Well, it was the right address until a few years ago. Back when I was still married, I tried to take the girls to St. George's one time so they could see the beauty of an Orthodox liturgy. I went to St. Theodore's Russian Orthodox Church in high school, not out of religious conviction but because it was beautiful and I liked the music. I even sang in the choir, which scandalized at least one of the faithful, that a pagan who made no bones about his paganism would be singing in the church choir. But the congregation was good people, and I hard second hand that the parish priest had told the openly scandalized woman that 'This is a church, not a country club.'
So anyway, Orthodox churches being small and rare, they'd sometimes get together for a service, especially if the Bishop was in town or something. So I've been to at least one service at Holy Cross Russian Orthodox and at St. George's Serbian Orthodox. Never done the Greek, I understand they sit down instead of standing to chant for an hour and a half.
Anyway, the time I took the girls to St. Georges, we lasted about two minutes with Mo's vocalizing 'Look at the Christmas!' and all that. Then we were locked in the parking lot and had to wait through the service for someone to move their car so we could leave.
Anyway, we went to 1119 Lowell Ave in KCK, where the map said to go, where I remembered the church being, and there wasn't a soul in sight.

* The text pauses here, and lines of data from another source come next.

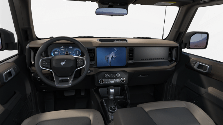 The Bronco's interior is designed for both style and functionality. The washout-capable rubberized flooring with drain plugs makes cleaning a breeze, while the MOLLE strap system on the front seats provides endless customization options. Stay connected with the SYNC 4 infotainment system and enjoy the convenience of features like Dual Smart Charging USB Ports, Connected Navigation, and Ford Co-Pilot360 technology.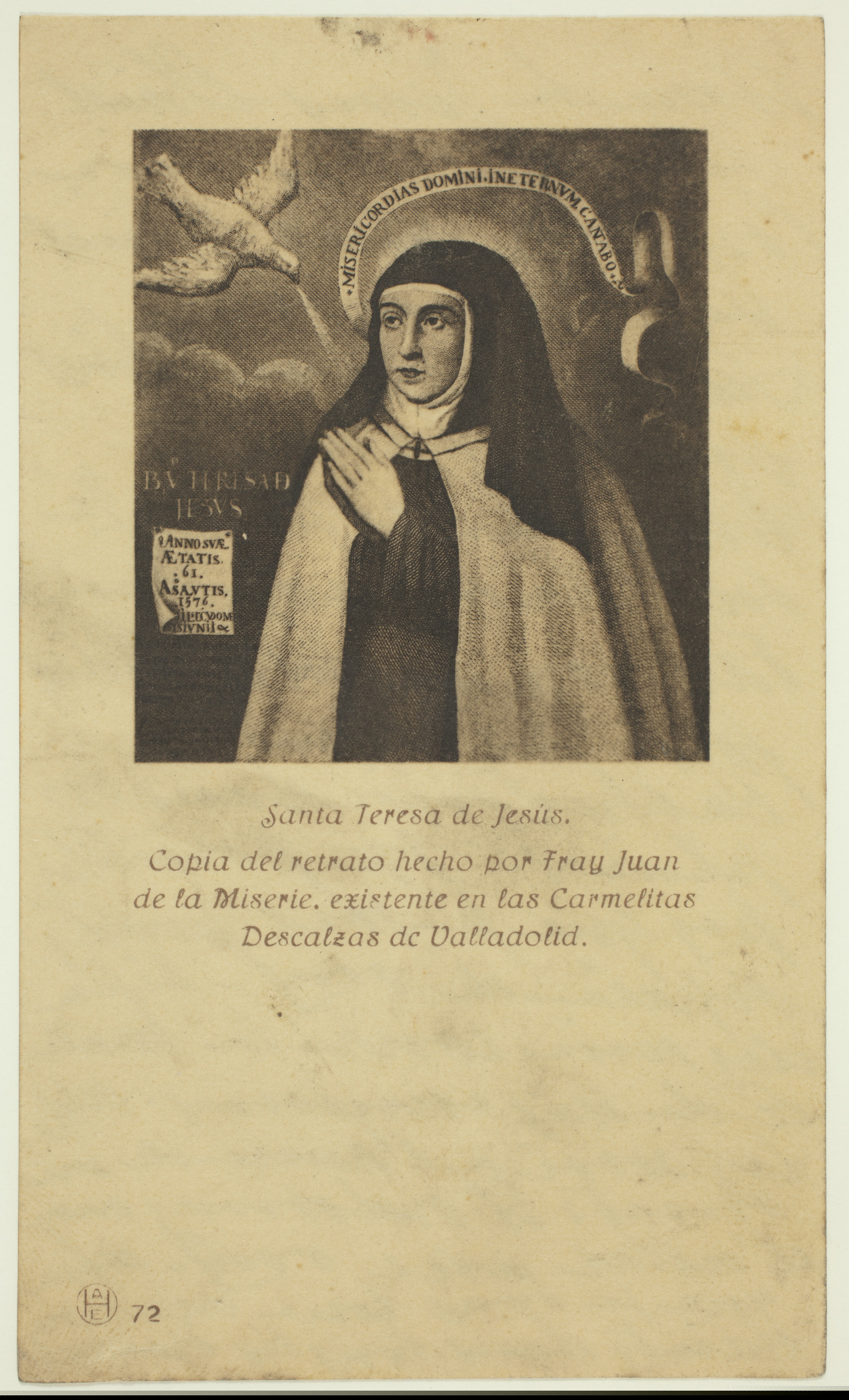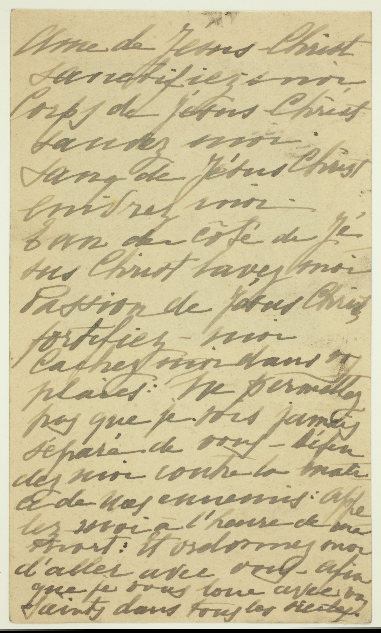 | Imagen religiosa: Santa Teresa | Ame de Jésus Christ, sanctifiez moi, Corps de Jésus Christ sauvez moi, Sang de Jésus Christ enivrez moi, San[g?] du côté de Jésus Christ lavez moi, Passion de Jésus Christ fortifiez-moi, Cachez moi dans vos plaies: ne permetttez pas que je sois jamais séparé de vous - défendez moi contre la malice de nos ennemis. Appelez moi à l'heure de ma mort, et ordonnez moi d'aller avec cous - afin que je vous loue avec vos saints dans tous les siècles [ms. v.]; Santa Teresa de Jesús. Copia del retrato hecho por Juan De la Miserie, existente en las Carmelitas Descalzas de Valladolid [imp. r.] |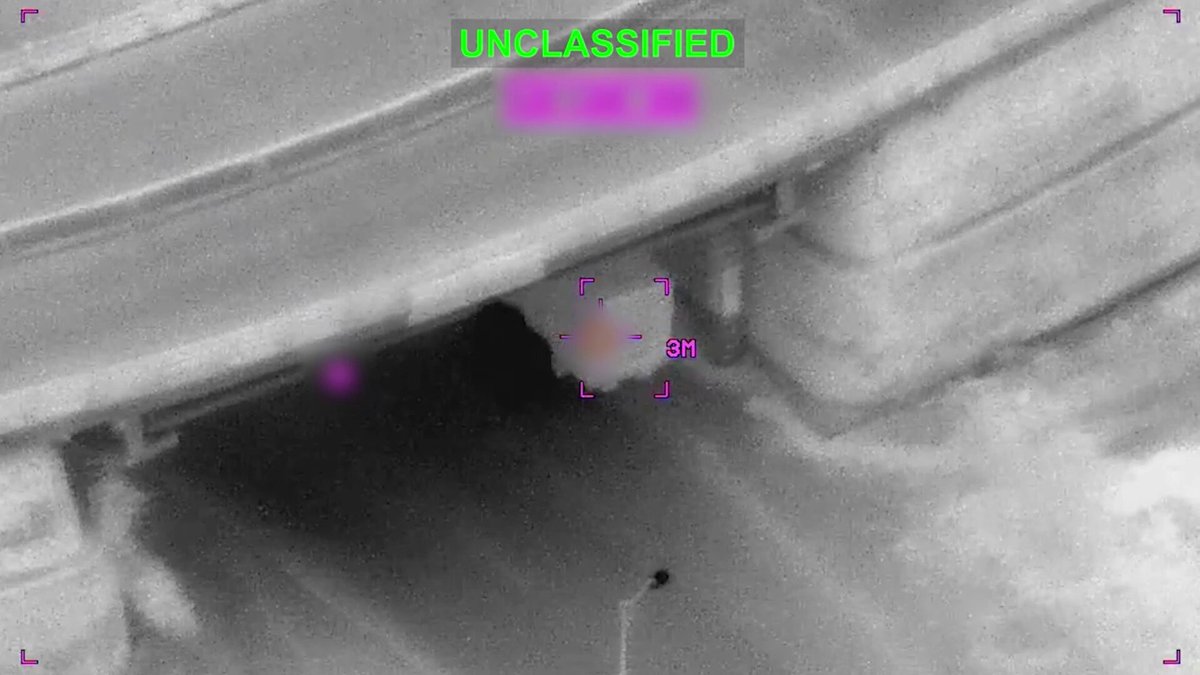 Το βίντεο δείχνει έναν εκτοξευτή πυραύλων κρυμμένο κάτω από μια κατασκευή που μοιάζει με γέφυρα πριν γίνει στόχος της επίθεσης.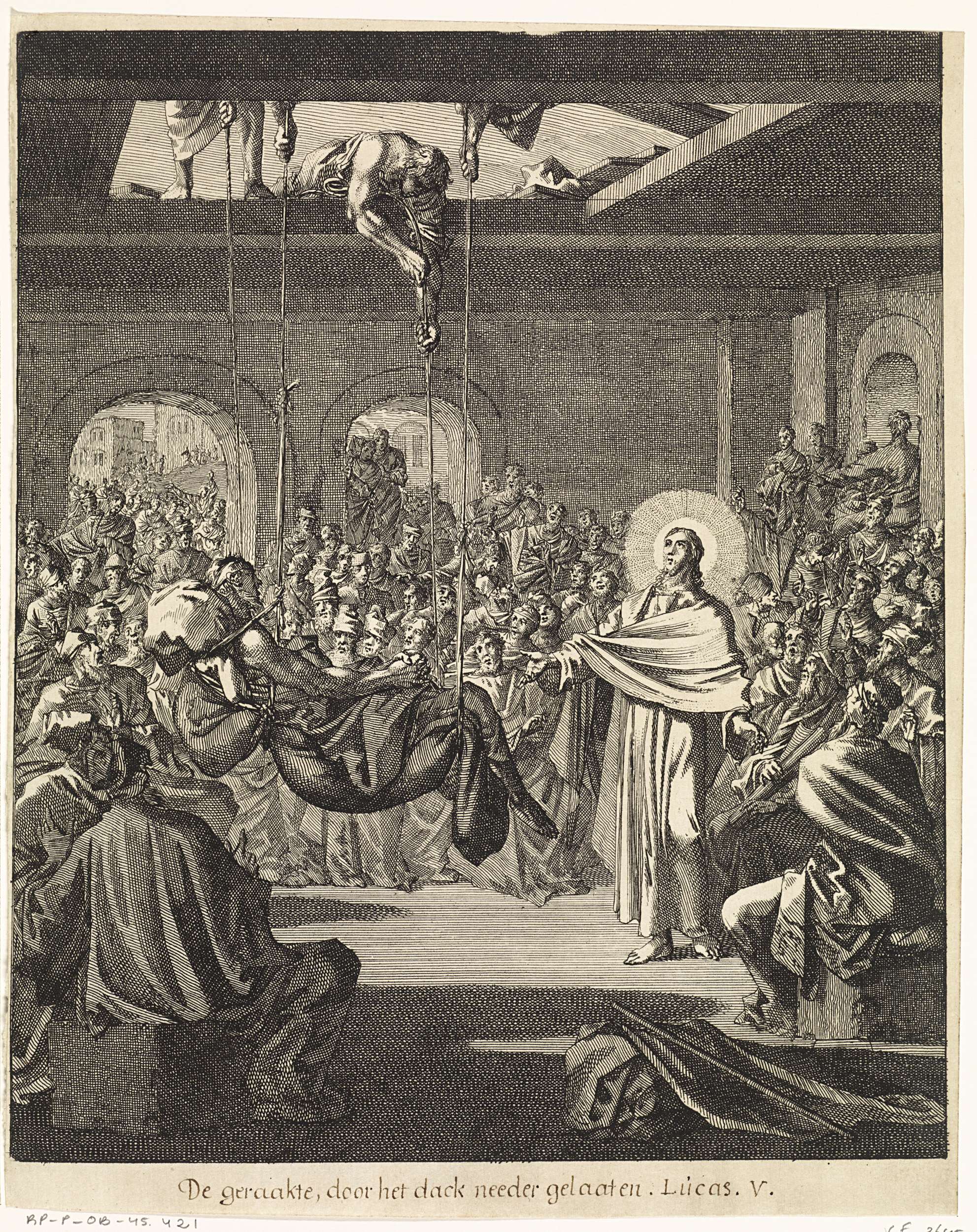 Christus geneest een verlamde man die door het dak w...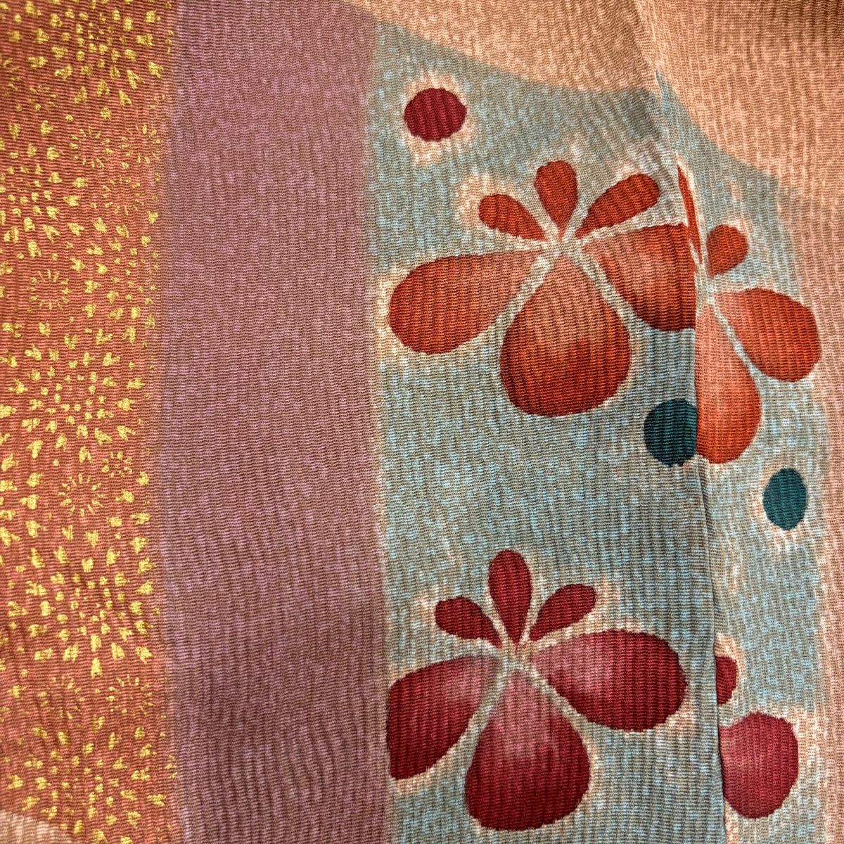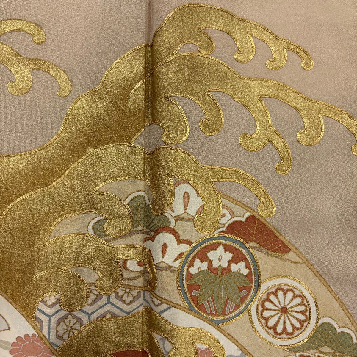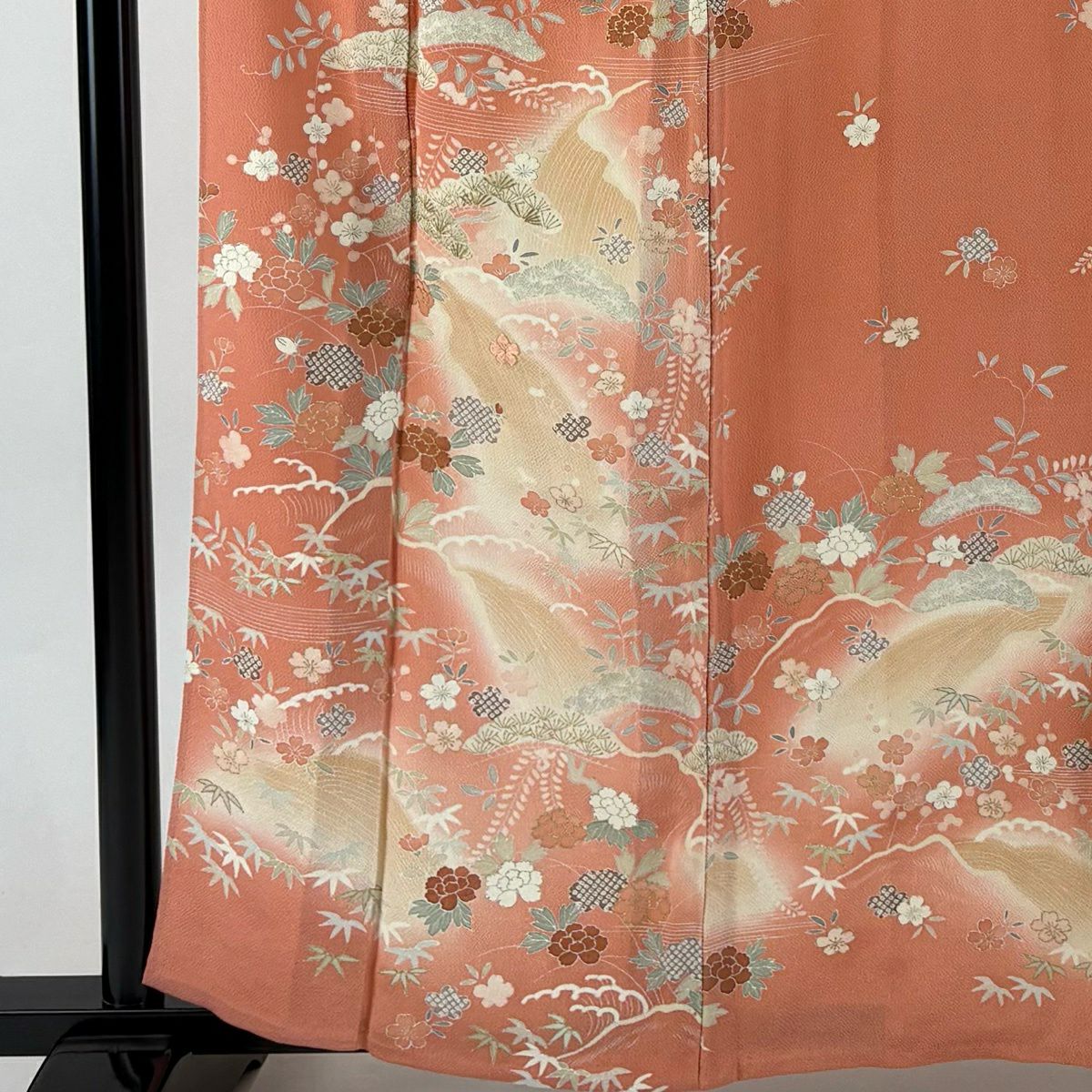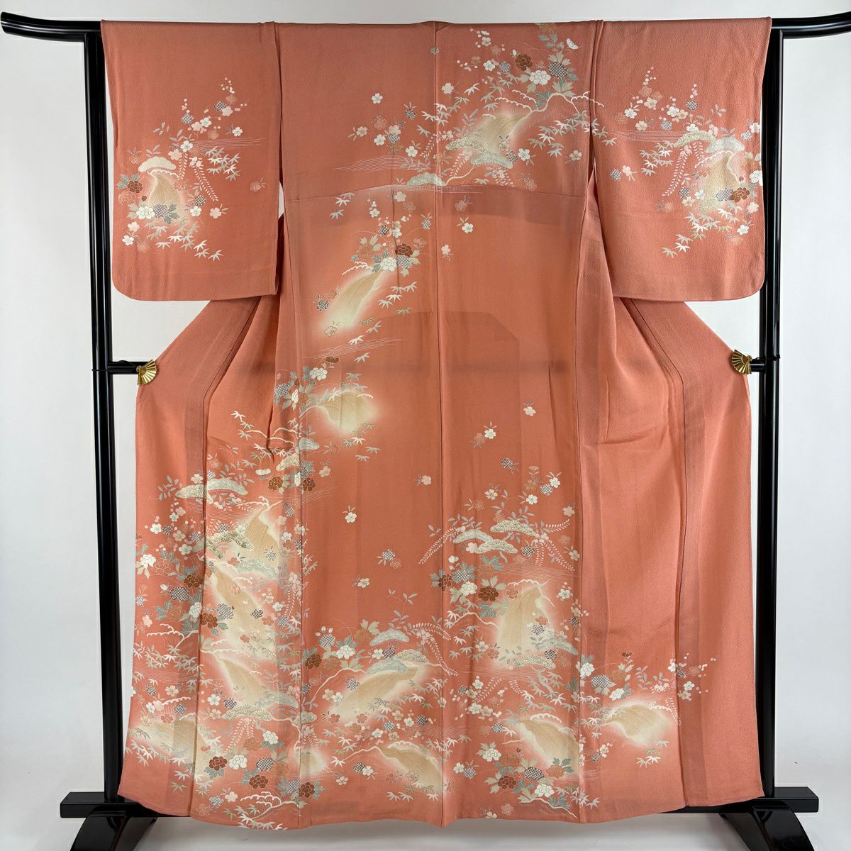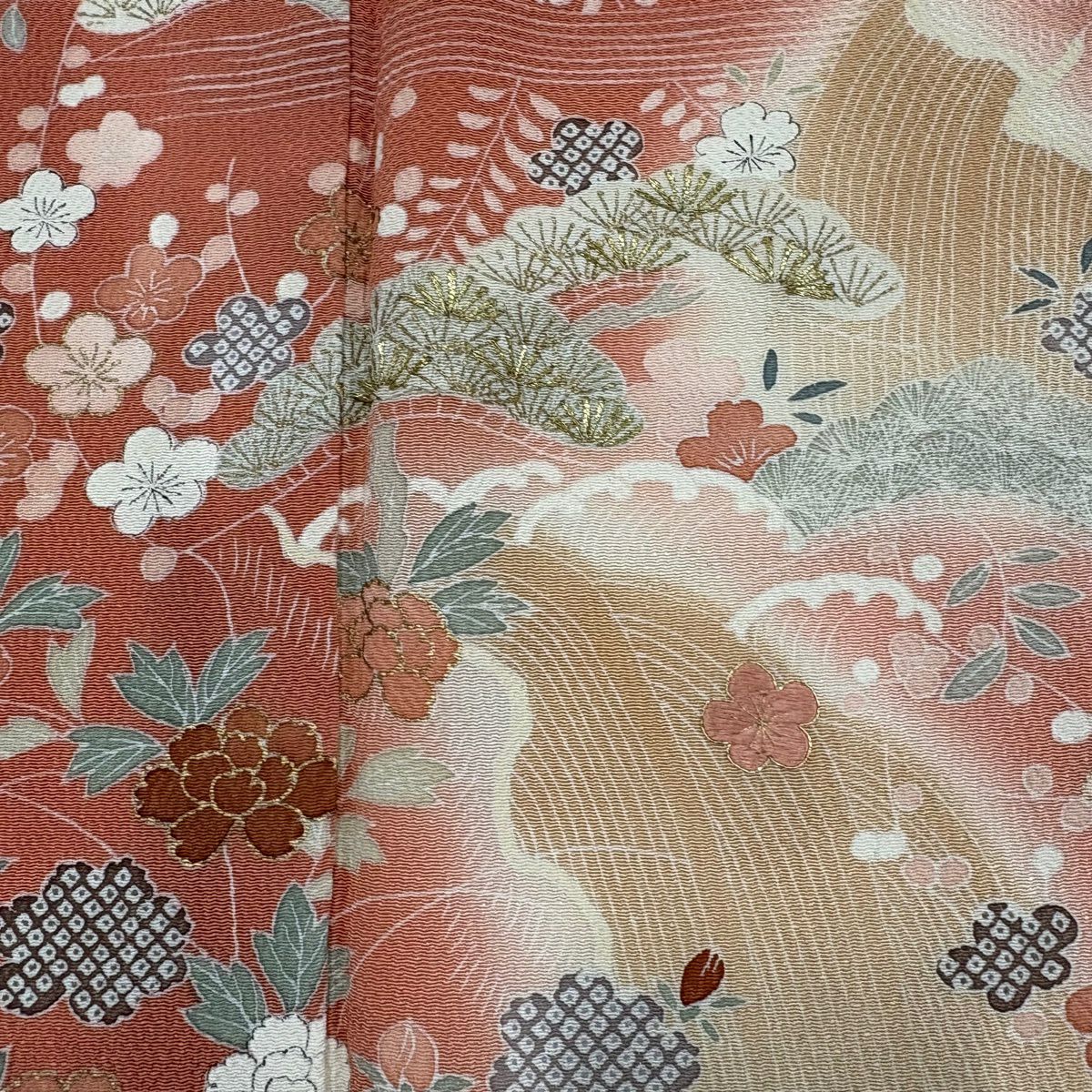 訪問着 身丈155cm 裄丈62.5cm S 袷 鈴乃屋 扇 波 金彩 ぼかし サーモンピンク 正絹 秀品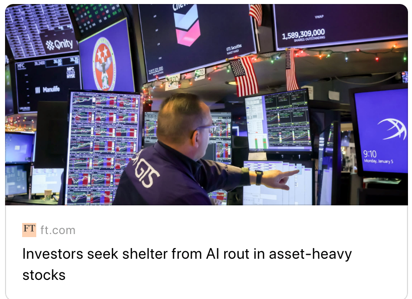 【环球网财经概述报谈】据Financial Times等外媒报谈,近期受东谈主工智能颠覆风险担忧影响,内行股市出现结构分化,投资者纷繁减握高风险轻资产板块,转向公用做事、动力、材料等领有什物质产的资产密集型股票寻求避险。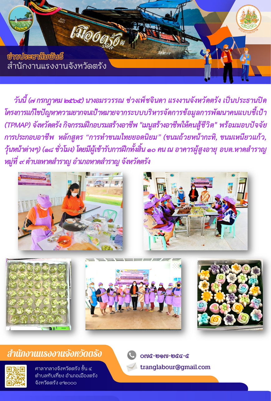 แรงงานจังหวัดตรัง เป็นประธานปิดโครงการแก้ไขปัญหาความยากจนเป้าหมายจากระบบบริหารจัดการข้อมูลการพัฒนาคนแบบชี้เป้า (TPMAP) จังหวัดตรัง กิจกรรมฝึกอบรมสร้างอาชีพ “เมนูสร้างอาชีพให้คนสู้ชีวิต” พร้อมมอบปัจจัยการประกอบอาชีพ หลักสูตร “การทำขนมไทยยอดนิยม”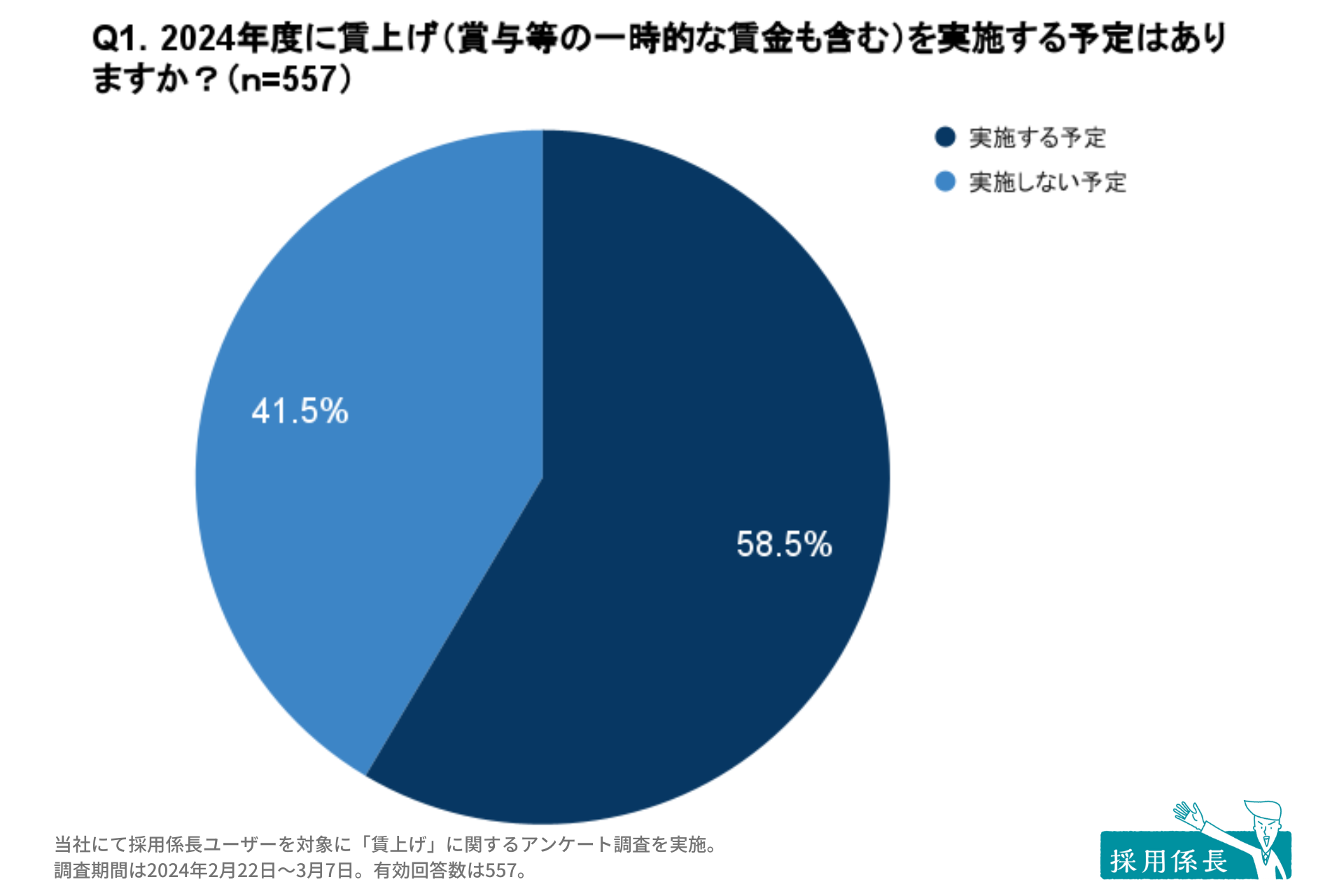 今回の調査では、中小企業における2024年度の賃上げ予定に関するアンケートを実施しました。結果は、賃上げを「実施する予定」と回答した事業所が58.5%。1年前(2023年3月)に実施した前回調査から3.9ポイント上昇しています。

A few phone calls to find someone online or with a newspaper and I found out St. George's built a new church 20 miles closer to home. So we back-tracked to it.
I'm told they sold the old facility to an Ethiopian Orthodox congregation, be curious to see how that differs. The Orthodox never did embrace Latin the way the Romans did, so they've always done the liturgy in the vernacular. At St. George's, at least 20 years ago when I went, that mean the priest and choir were doing it in Slovanic, St. George's being a mainly immigrant Serbian church. St. Theodore's, while officially Russian, had hardly any Russians in its congregation, being a hodge podge of Syrian, Polish, Greek, and I don't know what mixed into a large group of former Episcopalians who founded the congregation when they felt the Church of England had gone too far astray. So St. Theodore's was an English service. I think Holy Cross did it in Russian, but I could be wrong.
Ethiopian, though. I don't even know what language that ends up being.
So anyway, we got to the Serb Festival at last, and mostly it's food. Same as the Ethnic Engorgement Festival, but mono-ethnic. I bought a couple of samples, a Cevapcici and a Raznjici, neither of which I can pronounce even vaguely. I know the first one has the accent on the second syllable, and I know it's basically like a hamburger in the shape of a little smokey. The Raznjici is a pork kebob. I couldn't get the girls to take even a test bite of either.
The thing I like about the Ethnic Engorgement Festival is my daughters get to refuse to try a wide variety of foods. The thing I don't get about their fear of Serb food is how American Serb food is. I mean, this is basically just grilled meat, food a Midwesterner would recognize. This isn't some out-there curry with 15 spices they haven't heard of or whatever.
Serb teens dancing to Serb music from Chixulub on Vimeo.
I wish I'd kept the camera going longer on the dancers in the video. No ethnic clothing, and it appeared to be spontaneous, this group of four teenagers who knew the dance that went with this particular song. It builds from what I got on video, and was really pretty cool.